Las primeras imágenes lo muestran atravesando la puerta de ingreso del nosocomio, cuya guardia se encontraba desierta. Se ve un salón iluminado por una mortecina luz fluorescente. Sube unas escaleras con descanso y accede al primer piso. Con el haz del reflector guía sus pasos entre pasillos oscuros, sorteando escombros y basura. Comienza a llamar por su nombre a su amigo, pero el lugar se encuentra en silencio. La cámara capta un zapato de niño, tirado entre los despojos y al recorrer lo que parece ser una sala descubre una pared cubierta de estampitas de santos y un altar desbordado por la cera seca de velas.
-“Esto debió ser la terapia intensiva”, murmura Hernán L., mientras recorre el salón vacío, con paredes descascaradas, cables que cuelgan del techo, esqueletos de camas, colchones viejos y el piso cubierto de fragmentos de cerámicos. Sale a un pasillo y después de ingresar en varias habitaciones encuentra la antigua sala de terapia intensiva, en la que se encuentra la computadora con la que se comunicaba con Miguel. Con su cámara se aproxima a la pantalla y puede ver su propia habitación del otro lado.
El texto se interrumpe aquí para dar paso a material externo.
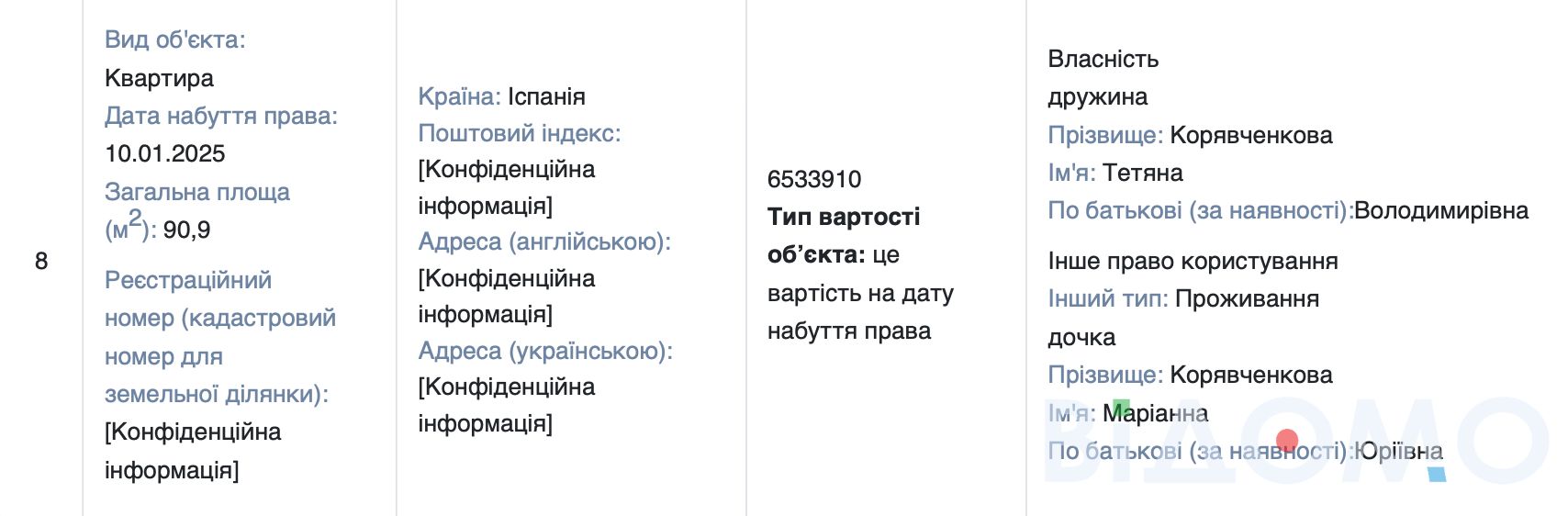 А от дружину Юрія Корявченкова можна "привітати", адже у 2025 році вона стала щасливою володаркою квартири в Іспанії площею 90,9 квадратних метри, яку Тетяна придбала, згідно з декларацією нардепа, за 6 533 910 гривень.
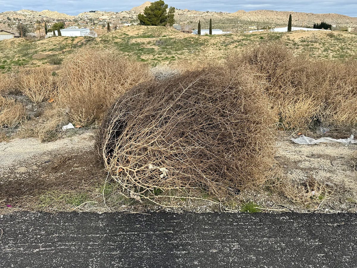 To further illustrate its hypnotic power over us, we assist its quest for global domination by taking tumbleweeds home as souvenirs or yard art and ship them out globally as Etsy chandeliers or party decor. In these parts, they’ve beguiled us into thinking that the easiest method of dispatch is dragging the ground, while in reality we’re doing their bidding by sprinkling their seeds into the broken soil they so prefer.
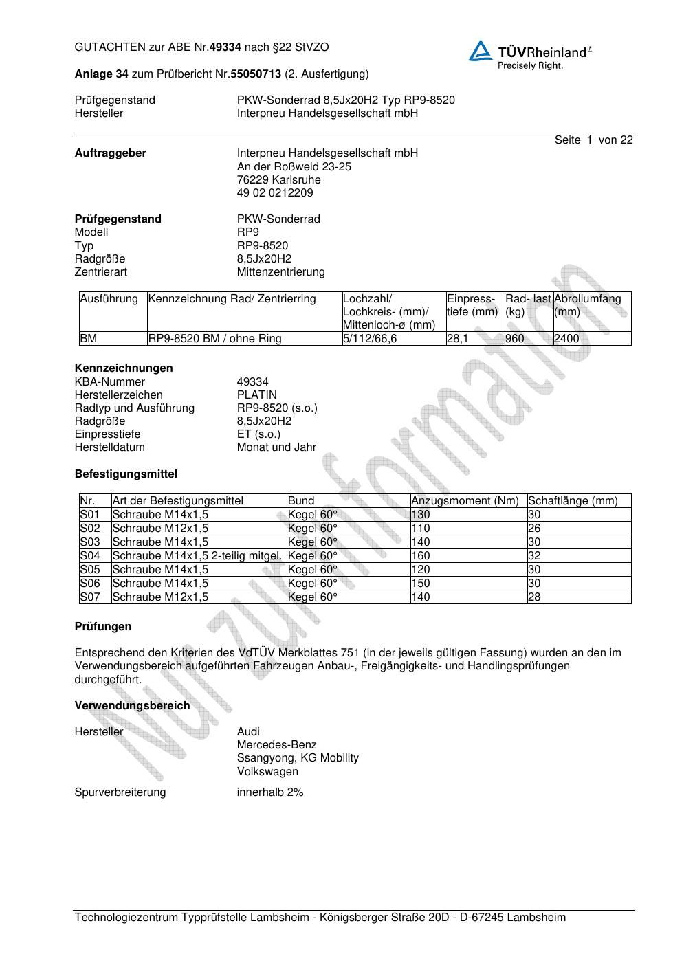 Dieses Gutachten (ABE) bezieht sich auf die Alufelge Platin P66 in der Ausführung 8.5Jx2 ET 0, Mittenloch 0 mm (KBA 49334). Im PDF findest du typischerweise zulässige Reifengrößen, Auflagen/Anbauhinweise und – je nach Dokument – Hinweise zur Eintragung.

-“Me olvidé de apagar la webcam… con tanto apuro. ¡Miguel, adónde carajo estás!”, grita impaciente. Solo el silencio le responde. “El altillo”, musita y agrega “¿por dónde se sube al altillo?”. Sigue vagando por nuevos pasillos oscuros y pasa por un quirófano y lo que parece ser una cocina, completamente abandonados; luego más corredores ruinosos hasta que desemboca en una especie de terraza sumida en la oscuridad. Jadeante avanza hasta encontrar una escalera empotrada a la pared y sube a duras penas, sujetándose con la misma mano que aferra la agarradera de la cámara, lo que provoca imágenes caóticas. Finalmente llega al segundo piso y camina con paso vacilante hacia una habitación sin ventanas y con una sola puerta de chapa. Alrededor, las luces de la ciudad titilan, completamente ajenas a la escena. Hernán manipula la manija, pero recién logra abrirla tras empujarla con la cadera. “¿Qué es esto?”, exclama, mientras recorre el lugar atestado de cajas y viejos aparatos, que apenas se divisan bajo la temblorosa luz del reflector. “¡Que lo parió, justo ahora me vengo a quedar sin luz!”, exclama. Tropieza con los objetos hasta dar en un rincón con una silueta humana, en posición fetal.
-“¡Miguel! ¿Qué te pasó? ¿Qué haces aquí?”, grita mientras enfoca directamente al rostro de su amigo. Su cara parece envejecida, con un rictus de espanto. La luz de la cámara se apaga totalmente.
-“¡Miguel, adónde está la puerta, no veo nada! ¡Se cerró!”, vocifera desesperado Hernán. La cámara parece haber quedado tirada a un costado y solamente registra audio ambiente. Pasan incontables minutos en los que se adivina que el recién llegado trata de encontrar la salida y tropieza con los cacharros.
De pronto rompe su silencio Miguel A. con una voz grave, distinta a la de las grabaciones anteriores: -“Quedate quieto. Ellos ya saben que estás aquí”.
-“¿Qué es esto? ¿Quiénes son ellos?” El otro continúa: “Ellos me mostraron la salida de este mundo. Van y vienen permanentemente. Los atrae el dolor, por eso es que están aquí. ¡Tantos niños han agonizado y muerto en este lugar! Sin ir más lejos, precisamente en este sitio se guardaban los cadáveres, hasta que se los llevaban a la morgue… Por este rincón desolado entran y se alimentan del sufrimiento. No sé quiénes son ellos, ni de dónde vienen. Pienso que nuestras mentes limitadas los llaman fantasmas, aunque en realidad sean habitantes de otras dimensiones. Ahora saben que lo sabemos y no lo van a dejar así nomás”.
-“¡Decime cómo salgo de aquí! ¡Yo vine a ayudarte y ahora estamos encerrados aquí! ¡Dejá de hablar estupideces y ayudame a buscar la salida!”, grita Hernán, al borde del llanto.
“Calmate. Ya no hay nada que podamos hacer. Sólo hay que esperar el fulgor”, sentencia Miguel.
Un silencio asfixiante otra vez, hasta que Hernán comienza a llorar. De repente, estalla un resplandor parecido a un relámpago, al que rápidamente devora la oscuridad.